Entscheidungen innerhalb der Regierung von Donald Trump scheinen sich rasch zu vollziehen.

Politische Kurswechsel vollziehen sich schneller, als manche Beamte reagieren können. In mehreren Fällen mussten Schlüsselfiguren auf Ankündigungen reagieren, anstatt diese mitzugestalten.

Diese Dynamik zeigte sich erneut bei dem jüngsten Vorschlag zu den US-Truppenstationierungen in Europa.

Überraschende Ankündigung

Die Andeutung von Präsident Donald Trump, er könnte US-Truppen aus Deutschland abziehen, soll Pentagon-Beamte überrascht haben, wie Berichte von Politico und dem Express zitieren.

Die Idee wurde erstmals in einem Beitrag auf seiner Truth-Social-Plattform geäußert, wo Trump erklärte, Beamte „prüften und bewerteten die mögliche Reduzierung der Truppen in Deutschland, wobei eine Entscheidung in der nächsten kurzen Zeitspanne getroffen werden solle“.

Für viele innerhalb des Verteidigungsministeriums war dies der erste Hinweis darauf, dass ein solcher Schritt in Betracht gezogen wurde.

Beamte erklärten, es habe keine vorherige Planung für einen Abzug gegeben.

„Das Pentagon habe dies nicht erwartet und keinerlei Abzug geplant“, sagte ein mit der Situation vertrauter Kongressmitarbeiter.
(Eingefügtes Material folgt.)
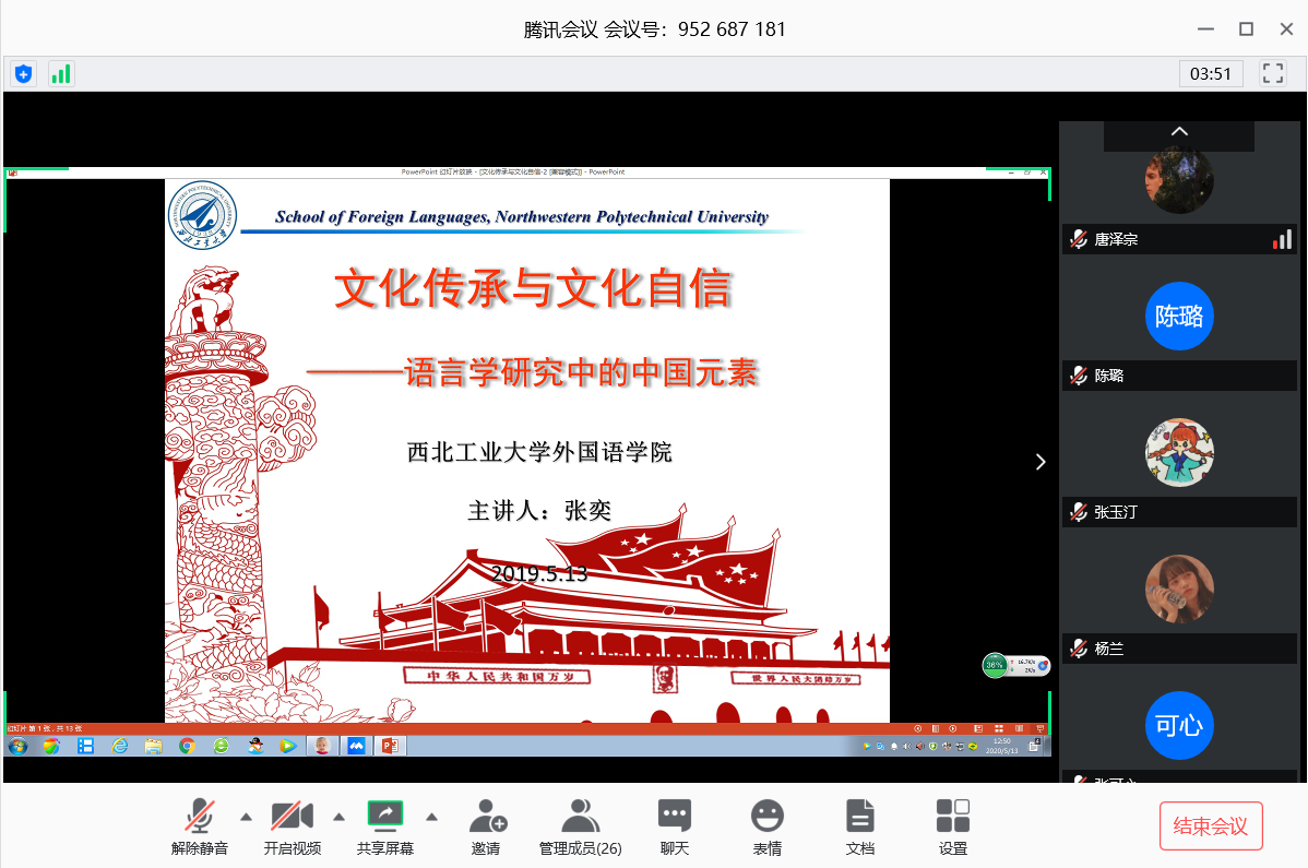 5月13日中午,番号 第十三期发展对象培训班第一次党课进行“云”开讲。副院长张奕为本、硕25名发展对象进行主题为“文化传承与文化自信——语言学研究中的中国元素”的讲座。为了让各位发展对象更好地将理论知识与学术实践相结合,张奕将《中国共产党章程》的理论知识与语言学研究现结合,与在线的同学分享自己对语言学研究中关于文化自信与文化传承的理解。她分别从背景介绍、中国语言学研究回顾、语言研究的中国化、文化...
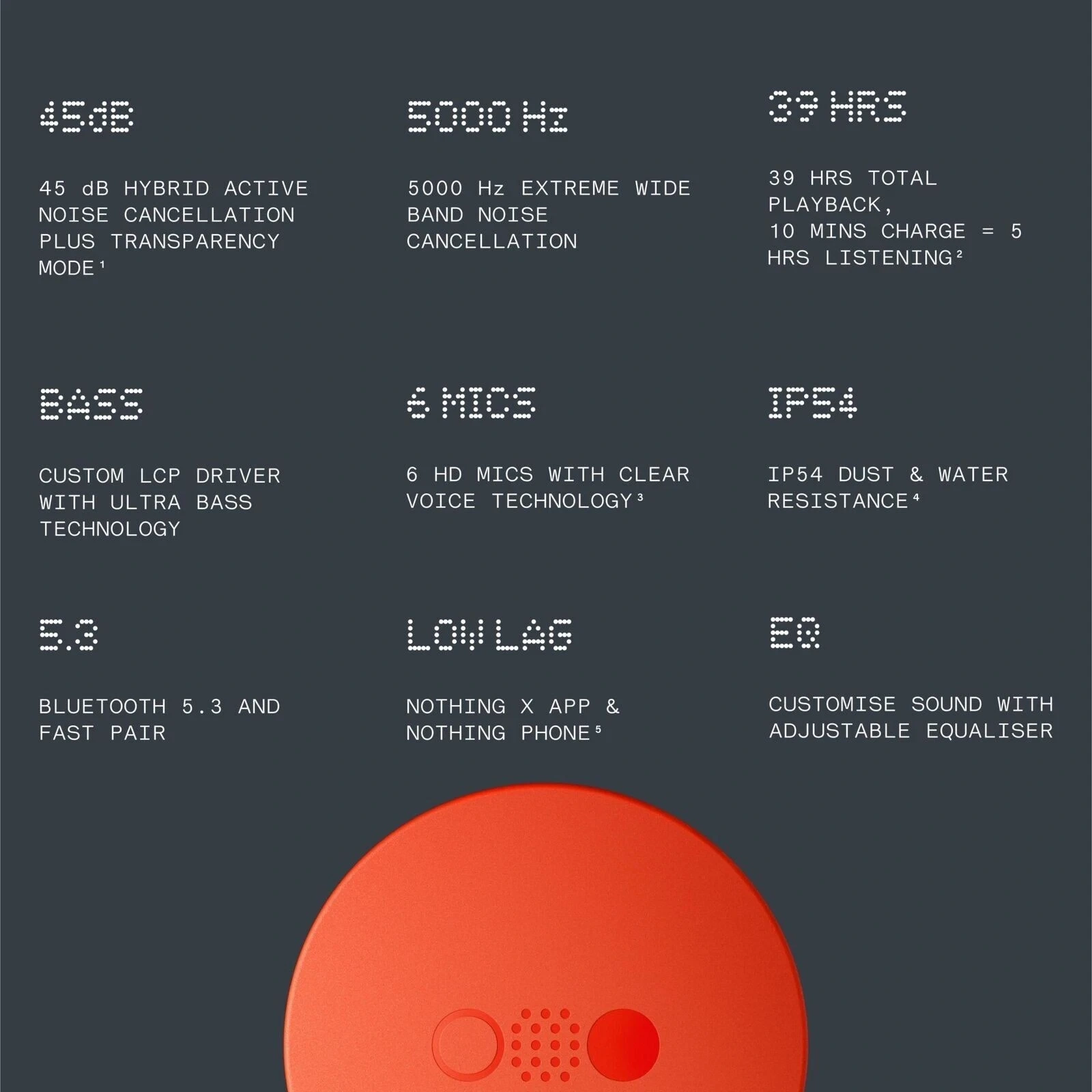 Silence meets power. Silence the distractions. CMF Buds Pro takes 45 dB active noise reduction to another level with a bandwidth of up to 5000 Hz. With a wider frequency range, more types of noises can be eliminated. So even on busy commutes and in noisy office spaces, you can fully immerse yourself in your favorite audio. We built Buds Pro with a special wind-through structure that features two holes at the top of the stem. Combined with advanced wind noise reducing algorithms delivering uninterrupted conversations and immersive music experience. With 6 HD microphones and Clear Voice Technology that’s been trained on 20,000,000+ noise models, enjoy the phone calls with next-level clarity. All about the bass. We developed CMF Buds Pro to transform the bass experience by ensuring hardware and software work together to enhance sound in real-time. Starting with hardware, the custom 10 mm driver features a premium LCP + PU diaphragm for high elasticity and more precision. The soft material of the PU is what allows the bass sound to come through purer and more accurate. We also gave the rear chamber an exhaust vent to make the mid-low frequencies fuller, the high frequencies clearer and low frequencies extra powerful. CMF Buds Pro features an intelligent bass enhancement algorithm that enhances the sound of bass in real-time. It detects music signals as you’re listening and presents a clearer bass effect. You can customise sound yourself too with the Nothing X app. Just connect your CMF Buds Pro and use the Equaliser to adjust the sound of bass and treble. We designed CMF Buds Pro to support you throughout the entire day. Enjoy 11 hours of non-stop music playback on a single charge or extend your listening time to up to 39 hours by using the earbuds with the charging case (with ANC is turned off). Compatible with Fast Charge for quick and seamless power-ups. Get 5 hours of listening after just 10 minutes of charging.
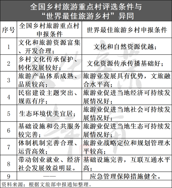 那么,国内全国乡村旅游重点村评选条件与世界“最佳旅游乡村”有哪些不同?
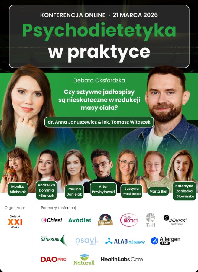 21 marca 2026 spotykamy się online na konferencji Dietetyk XXI Wieku „Psychodietetyka w praktyce” - wydarzeniu dla tych, którzy chcą lepiej rozumieć pacjenta i pracować skutecznie tam, gdzie „samo jedzenie” to za mało.

Der Vorschlag steht im Gegensatz zu einer kürzlich erfolgten Überprüfung der globalen Truppenstationierungen durch das Pentagon, die keine größeren Reduzierungen in Europa empfohlen hatte.

Strategische Bedenken

Derzeit sind etwa 35.000 bis 40.000 US-Soldaten in Deutschland stationiert, die einen wesentlichen Bestandteil der europäischen Verteidigungsstruktur der NATO bilden.

Sicherheitsexperten warnen, dass eine Reduzierung dieser Präsenz das Gleichgewicht in der Region verschieben könnte, insbesondere angesichts der anhaltenden Spannungen mit Russland.

Europäische Staats- und Regierungschefs haben bereits Bedenken hinsichtlich potenzieller zukünftiger Bedrohungen für NATO-Länder geäußert.

Trumps Äußerungen erfolgen inmitten wachsender Reibereien mit europäischen Verbündeten, einschließlich Meinungsverschiedenheiten über den Konflikt mit dem Iran.

Anfang dieses Monats sagte er, er würde „absolut ohne Frage“ einen vollständigen Austritt aus der NATO in Betracht ziehen, falls die Verbündeten die US-Maßnahmen nicht unterstützten.